Massachusetts General Law Chapter 114 Section 17 reads: “A town shall not alienate or appropriate to any other use than that of a burial ground, any tract of land which has been for more than one hundred years used as a burial place; and no portion of such burial ground shall be taken for public use without special authority from the general court. ‘Burial place,’ as referred to in this section, shall include unmarked burial grounds known or suspected to contain the remains of one or more American Indian.”

However, the burial ground in question actually belongs to the Herring Pond Wampanoag tribe, as it has from the beginning, Ferretti said, rendering this story bizarre. The people buried in these graves are tribal member ancestors. In addition, the burial ground would not be for “public use” as the law states, but rather for the Herring Pond Wampanoag people. It’s not clear how this law applies to this transaction. The way the law is written would suggest that its intent was to protect the Native American ownership of these burial grounds, not question it.

In the autumn of 2018, Town Meeting voted to transfer this six-acre parcel off Long Pond Road in Cedarville, which contains the burial ground, back to the Herring Pond Wampanoag through its nonprofit group by the same name. The town gained control of the property when it took the land in tax title. Now, the town can’t simply transfer this parcel back to the Wampanoag without a lengthy and involved process, Ferretti said.

Ferretti said town officials are in favor of her group owning the land; this has nothing to do with a change of heart. It’s just that this transfer has to go through the proper channels, and they involve the state Supreme Judicial Court.

Apparently, Ferretti’s group will have to petition to have an article placed on the fall Town Meeting warrant requesting the transfer all over again. If Town Meeting approves the measure, it must then gain approval from the state supreme court for it to be official.

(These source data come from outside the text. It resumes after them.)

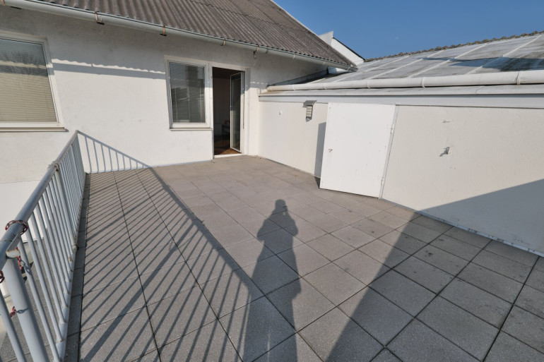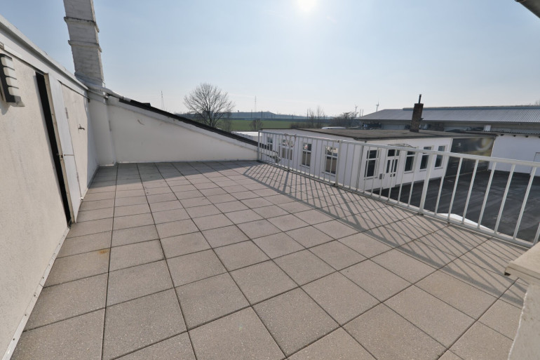 Die Wohnnutzfläche beträgt ca. 145 m² + ca. 40 m² Dachterrasse + 1 grösserer Abstellraum im Dach der von der Terrasse aus zugänglich ist.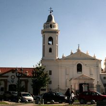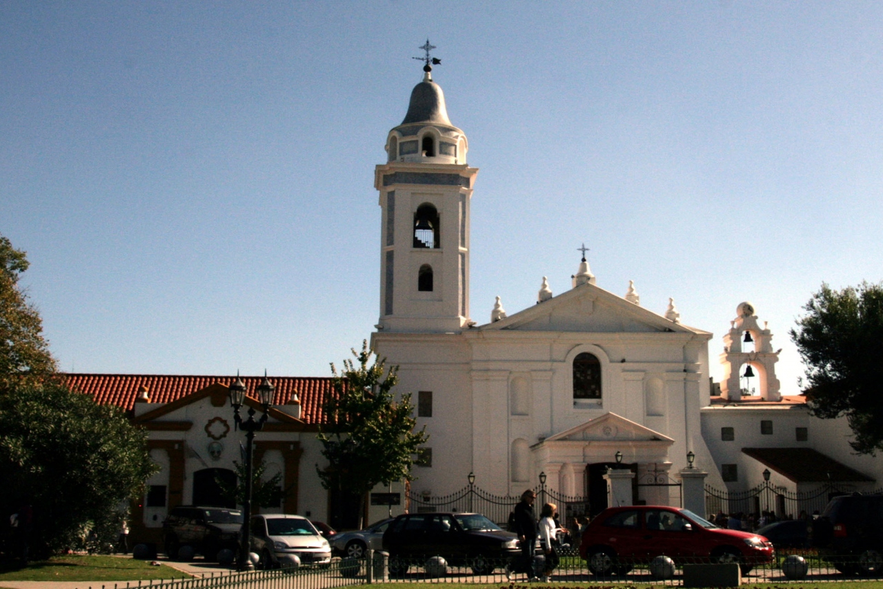 聖母ピラール聖堂は、レコレータ墓地の南東角、「市長トルクアート•デ•アルベア広場」に面してあります。建物は白い壁に赤い屋根、鐘楼は白地に水色と、色彩が上手に使い分けられています。完成は1732年と古く、ブエノス・アイレスでは2番目?に古い教会の様です。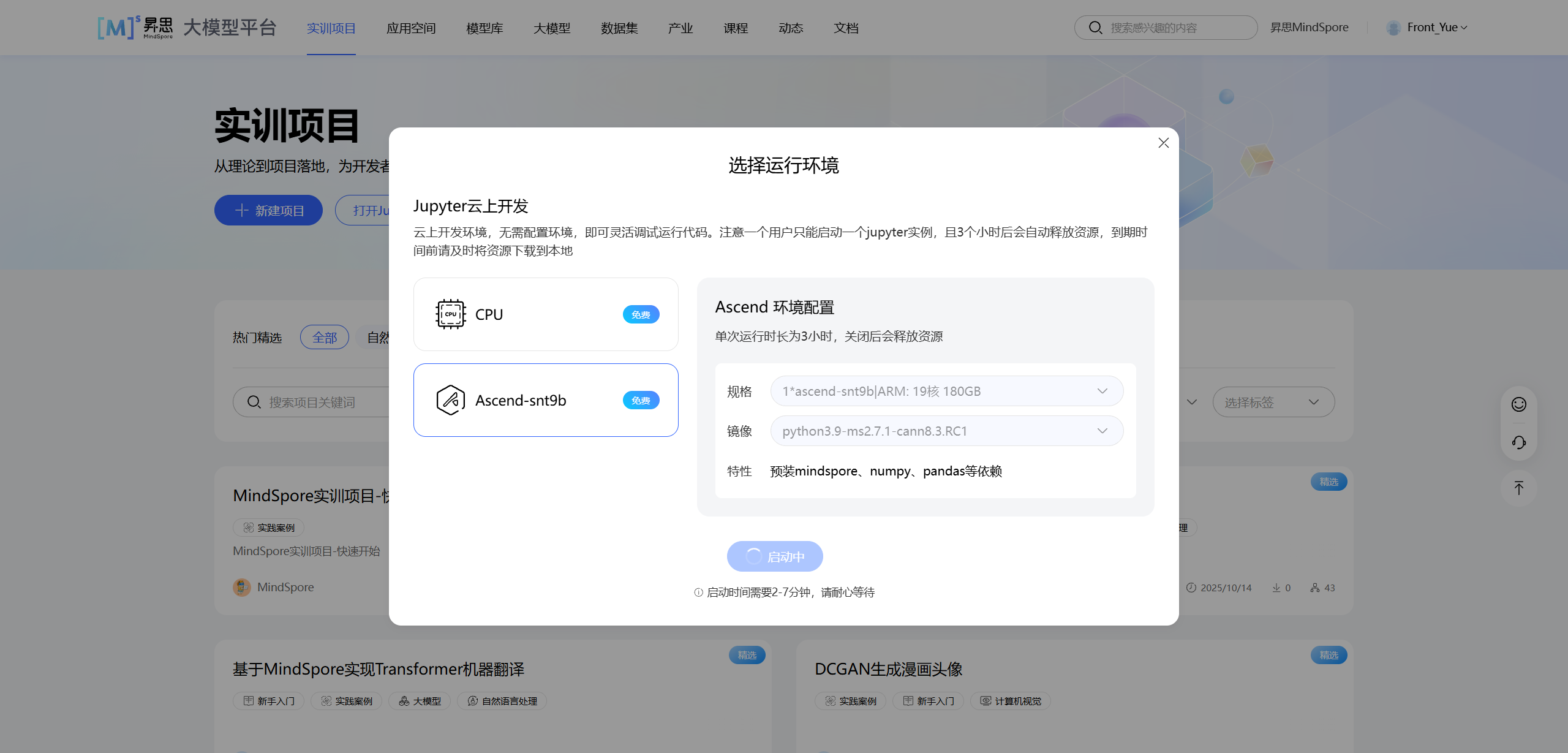 点击“打开 Jupyter 在线编程”后,选择合适的运行环境。本案例推荐使用 Ascend-snt9b 环境,镜像选择包含 mindspore 的版本(如 python3.9-ms2.7.1-cann8.3.RC1)。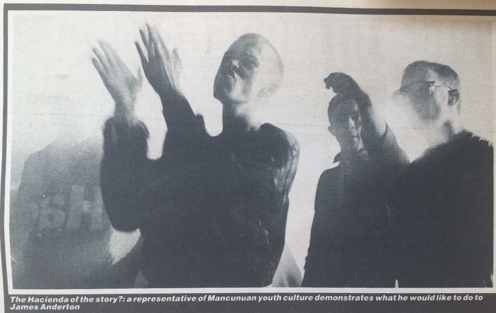This is a review from the NME about The Hacienda, and it includes New Order, Vini Reilly, Swing Out Sister, Mick Hucknall, Revenge, Paul Cons, Paul Ryder, Happy Mondays, Mike Pickering, John Robb, Membranes, Johnny Marr, Andy Rourke, and Shaun Ryder.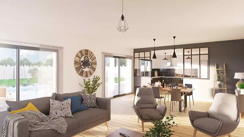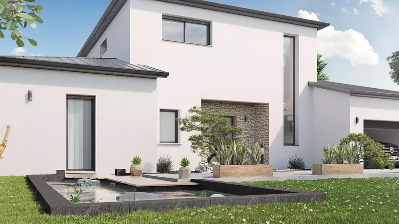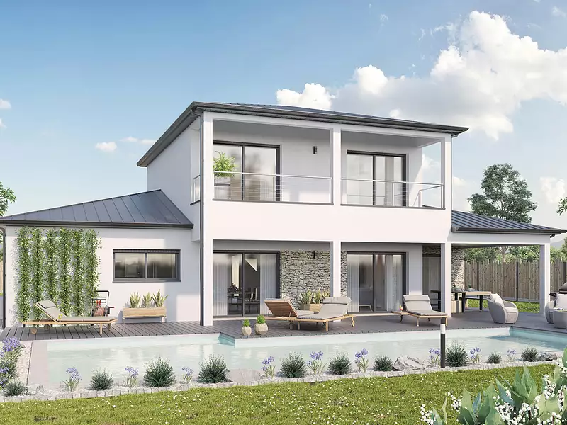 Une architecture qui allie élégance et fonctionnalité !. Laissez-vous séduire par cette maison contemporaine aux lignes épurées, où chaque espace est pensé pour optimiser lumière et confort. Avec 4 chambres, dont une suite parentale avec dressing et salle d’eau, ainsi qu’un espace de vie spacieux et convivial, elle répond aux attentes des familles modernes. Son design harmonieux intègre de grandes ouvertures sur l’extérieur, créant une connexion fluide entre intérieur et jardin. Fonctionnelle et personnalisable, elle s’adapte à votre mode de vie et vos envies. Un projet conçu pour s’intégrer parfaitement à votre terrain, alliant modernité et performance énergétique. Pour un confort optimal et conforme à la RE2025, cette maison dispose d’une PAC avec plancher chauffant au rez-de-chaussée, radiateurs à l’étage et volets roulants électriques. À noter : Le prix indiqué exclut les revêtements de sol des chambres, la cuisine aménagée, la peinture, la décoration, les raccordements, les frais de notaire et l’assurance dommages-ouvrage. (Piscine non contractuelle, non incluse dans le prix. ). Besoin d’inspiration ? Contactez-nous dès maintenant pour concrétiser votre projet !.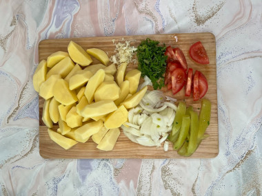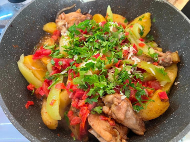Болгарский перец у меня был замороженный, оставшийся после зимних заготовок. Курицу обжарила до золотистой корочки, а затем поочерёдно все овощи: картошку, лук, перец. В конце всё соединила, добавила помидоры, чеснок, зелень и немного воды, перемешала и накрыла крышкой. Тушила до готовности.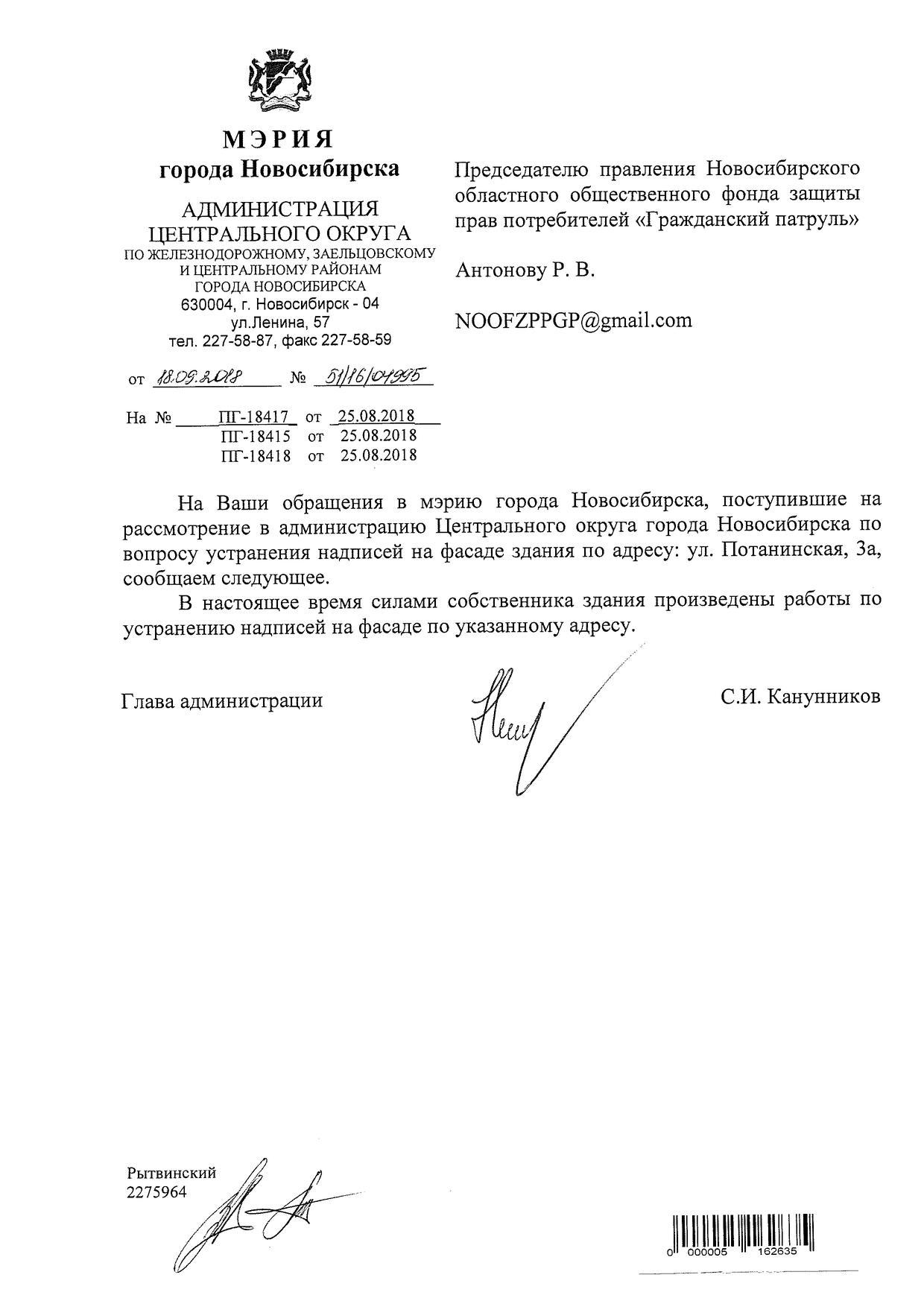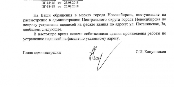 Номер жалобы:40325 Тип жалобы:Иные проблемы ЖКХ Название объекта:Управляющая Компания Регион:Новосибирская область Город:Новосибирск Адрес:Потанинская ул., 3А Описание жалобы:Надписи на фасаде Статус:

How long that will take is anyone’s guess. But, given the historically glacial pace at which legal issues progress, Ferretti isn’t hopeful this issue will be resolved any time soon.

“They did a genealogy and we’re clearly the people that owned it,” Ferretti said. “They did a Massachusetts survey back when the graveyard was found. I called the Commission on Indian Affairs. Jim Peters said, ‘Well what did they do the first few times they transferred the property? How was the developer able to get the property in the first place?’”

In the meantime, Ferretti said the town is trying to help by issuing the Herring Pond Wampanoag Tribe a license so the group can continue its restoration work on the land, repairing gravestones and conducting a survey to determine the perimeter of the burial ground, since some graves lack stones.

Ferretti grew up in this area of Cedarville and noted that the Herring Pond Wampanoag were the first natives to be assimilated by the Pilgrims. Ferretti and her cousins are all Harding descendants. Harriet Saunders Harding was the common ancestor, she added. The tribe’s lineage is set forth in the Earl Report of 1859, which references John Milton Earl’s “Indians of the Commonwealth” report to the governor, which in turn documents various families and tribes, their whereabouts and landholdings.

For these Wampanoags, the sting of the European colonists’ takeover of their lands hasn’t worn off, as state law is now preventing them from taking control of their own burial ground, in spite of a town’s decision to give it back to them.

Town Manager Melissa Arrighi could not be reached for comment by press time.